Redeployment  is a collection of 12 stories composed by Phil Klay. Klay was awarded the National Book Award for this compilation. I read this work in February to prepare for Klay’s campus visit, private workshop and public reading. I desperately wanted to review this book when I first picked it off the shelf a month or so before Klay’s visit. I decided against reviewing this text immediately in favor of allowing the startling images and disquieting diction to sink in. I am definitely glad I did not review this book after my first reading. Distance has granted me the ability to know I have not judged a book by its cover and my initial feelings of admiration towards this work have not faded or are not unfounded.

Most texts can be admired or defined by a single element or theme they strive to portray and portray well. For example, To Kill a Mockingbird is a revelation on race relations. The Great Gatsby showcases the decline of the fundamental American dream and 1984 warns against the ideology of a totalitarian system. It can be stated that Redeployment is primarily a work concerned with the fate of soldiers.

Classifying the work as war vignettes is not incorrect but slightly inaccurate. However, this novel covers most elements literary works try to showcase, ranging from family, race, religion, war and peace, while focusing on the plights and triumphs of the enlisted. Creating a novel which touches on various themes and subject matter is no easy task but Klay achieves this feat through the structure of short stories. Redeployment consists of 12 short stories effectively standing on their own, while overall complementing the consistent theme of showcasing the varying emotions of the enlisted.

Having served himself as a U.S. Marine Corps Public Affairs Officer in Iraq, Klay is able to construct profound individual works and a concise and meaningful collection that focuses on enlisted life. As a veteran, Klay is able to animate the emotions of his fellow soldiers through their character portrayal which would otherwise have gone unexperienced or unacknowledged.

The amazing aspect of the text is each short story illustrates a different race, religion or value of a different soldier through each varying voice within the text. Further illustrating no two people possess the same experiences; not all soldiers experience the same elements of war. Sometimes I feel as a culture we struggle to understand the varying experiences of those who fight and defend our rights because of war’s brutality. If we do not acknowledge societal or in this case, war’s unpleasantries than they simply do not exist.

Redeployment allows the reader to view those enlisted and veteran personnel by the soldiers’ experiences whether they are pleasing or disagreeable. Klay does not compose a character who is defined by the experiences of those around him/her. A character maybe influenced by the actions of others but these actions are not confined as the same occurrence. No one character in Klay’s work has a monopoly on human experience.

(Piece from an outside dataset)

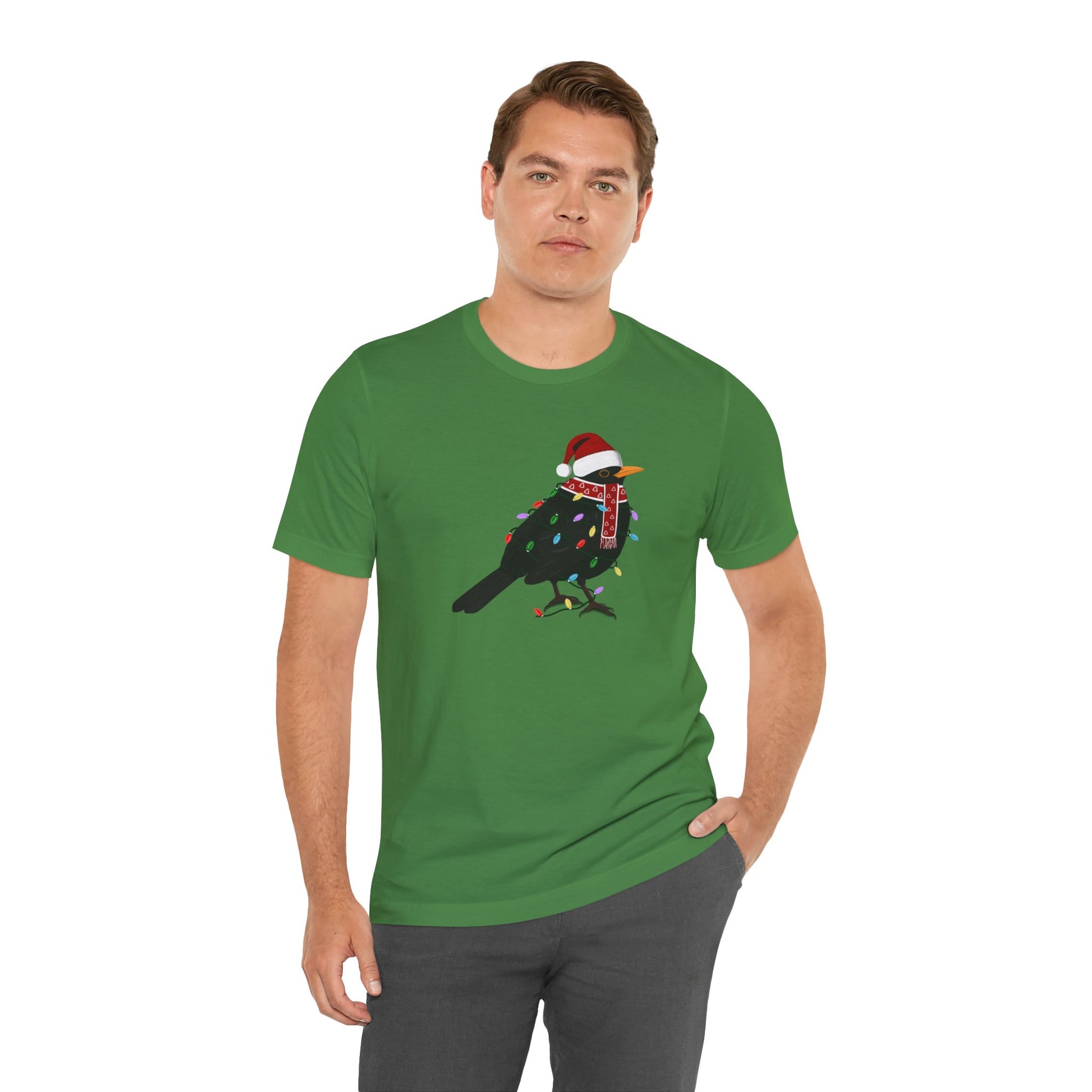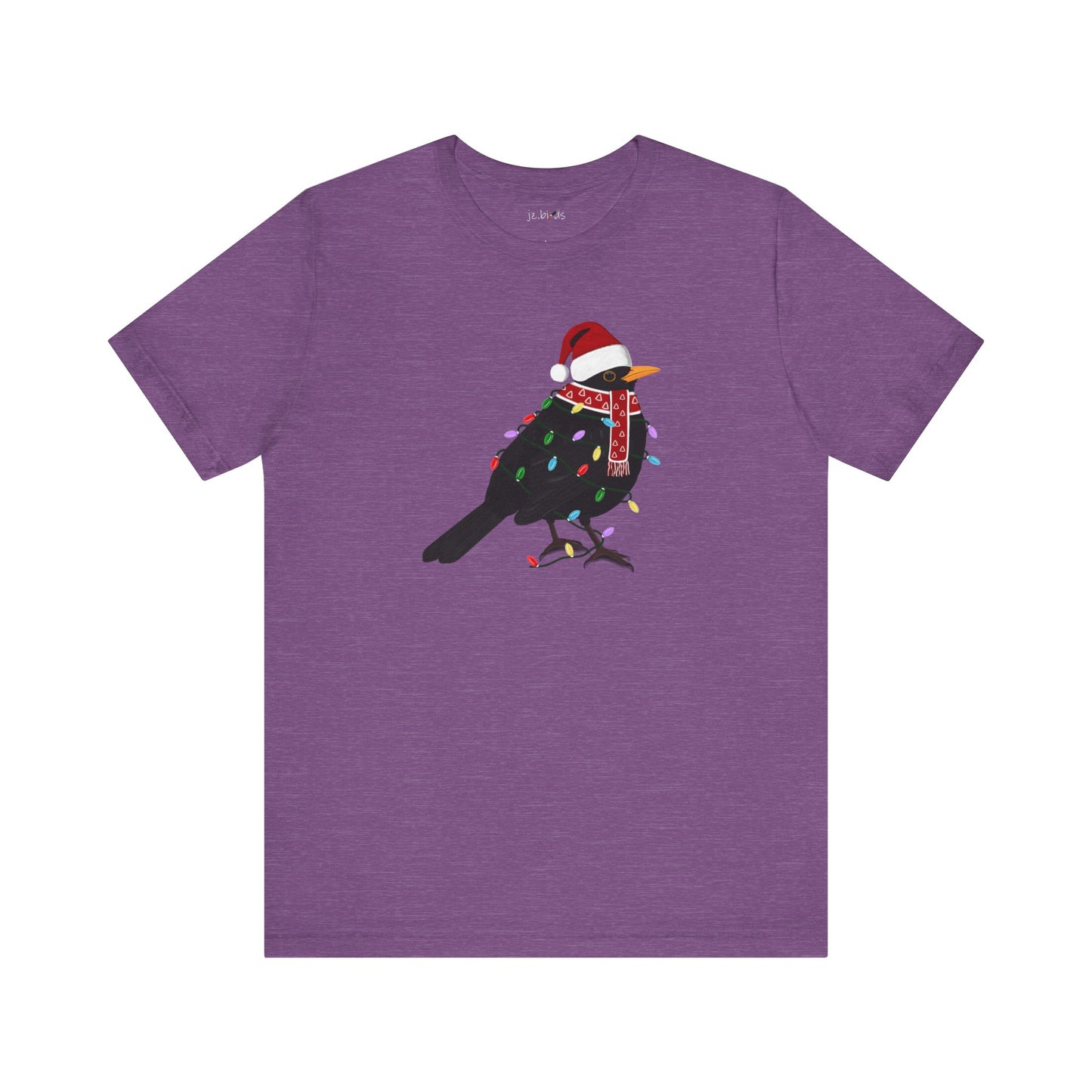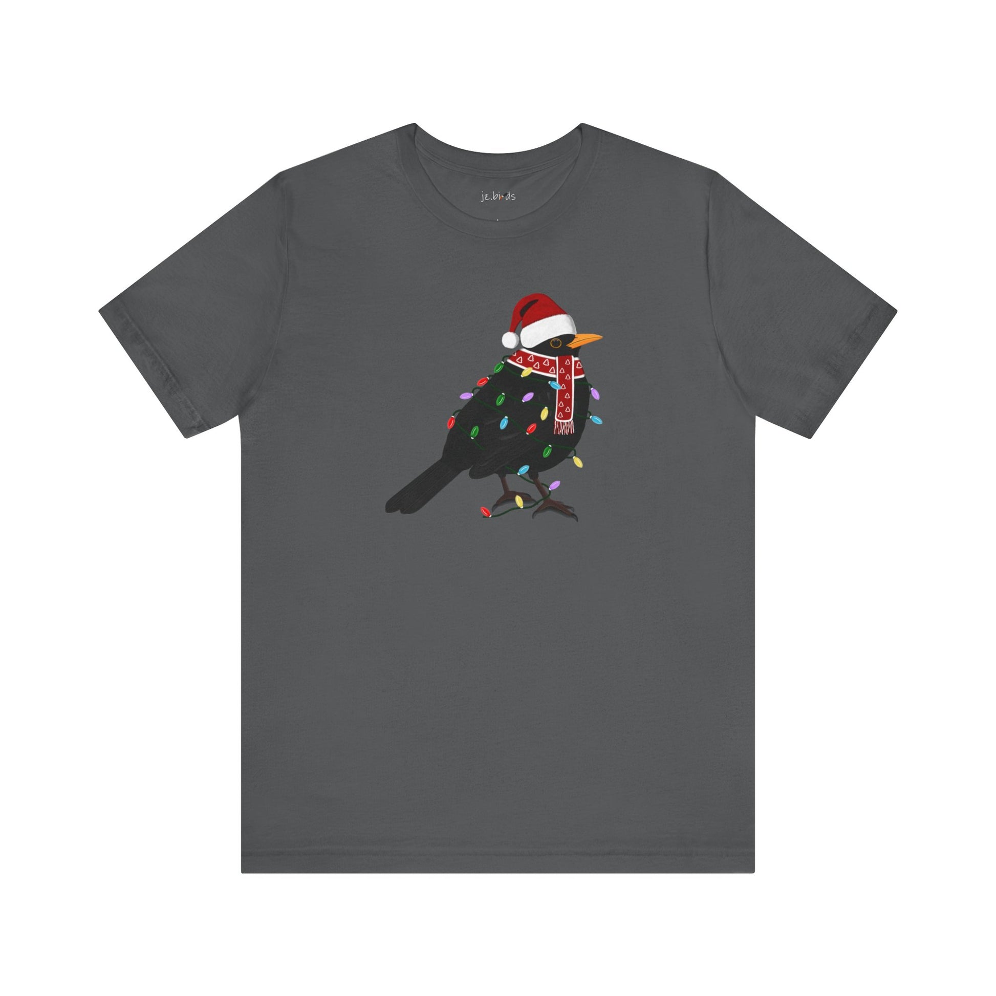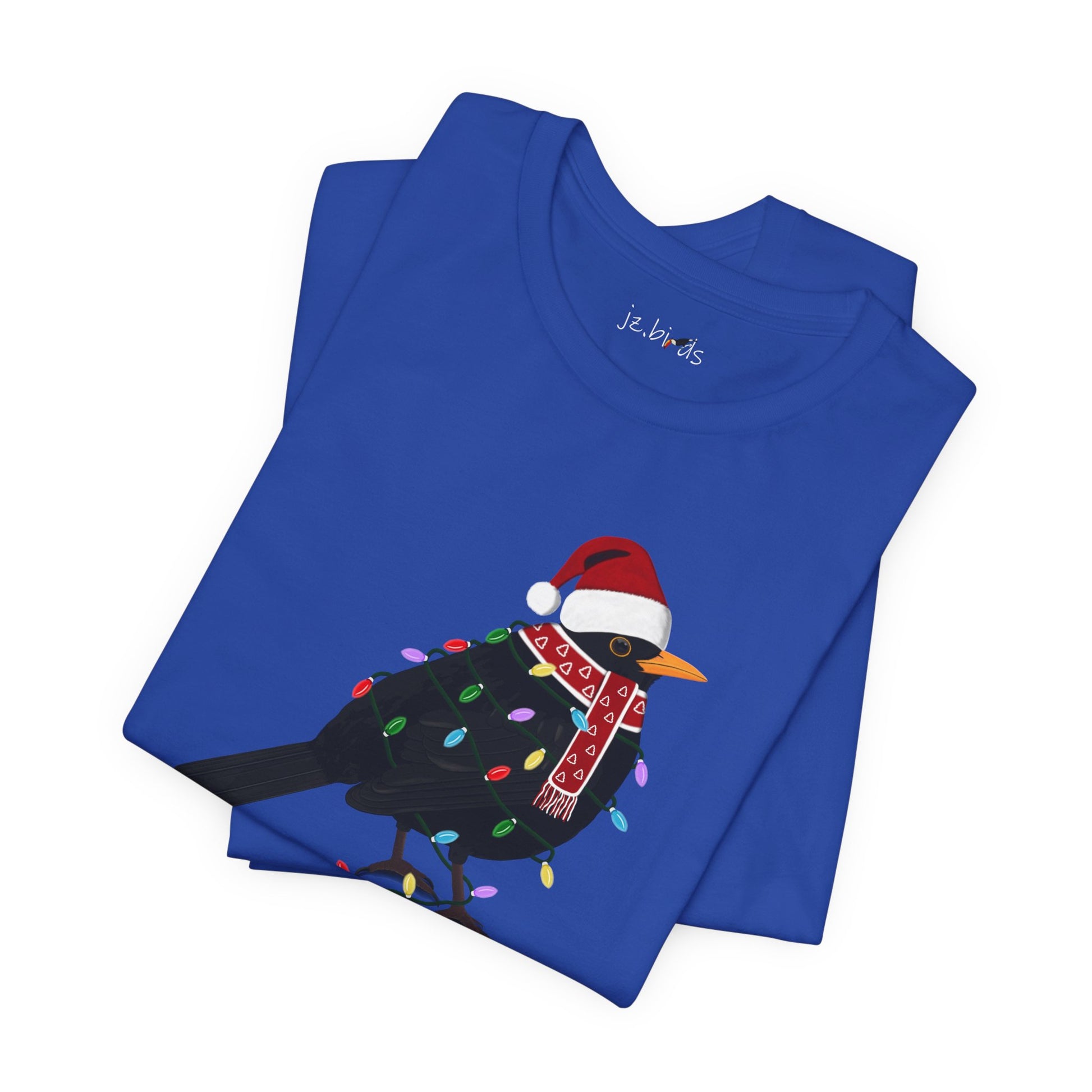 Blackbird with Fairy Lights Christmas Bird T-Shirt

Just as each story functions as both a separate entity and as a whole, so does each character. Klay’s text showcases no one person, who serves their country, feels, loves or reacts the in the same matter. Redeployment demands each fictional character and their experiences remain separate and therefore, each actual soldier demands respect for their individual experiences.

While Klay and his characters demand respect, Klay does not gloss over the unpleasantries I spoke of previously. I remember very vividly during both Klay’s private workshop and his public reading, several questions from students and audience member asking if Klay thought his striking images and sometimes profanity laden sentences pushed too many boundaries. I also recall Klay’s answer each time someone inquired about his startling words. He stated, “These aspects deserve to be thought about because people carry these things with them.” No matter the startling diction and the staggering images, Redeployment deserves to be read and discussed as the text brings to life moments soldiers will carry with them long after they leave a warzone. Nothing within this text is sugarcoated and the reader is fully plunged into the physical and psychological world of a soldier; a world they never expected.  Many could find Klay’s diction a reason to be offended and throw down Redeployment. Redeployment is too powerful and too real to be ignored.

Personally, three of the short stories that I felt contain the most poignant sentiments are: “After Action Report,” “Bodies” and “Ten Klicks South.” I challenge everyone to read Redeployment and not to be deeply affected by the experiences portrayed in this text. As academia and the reading public look to define the most recent cannon of literature, Redeployment looks to become the cornerstone.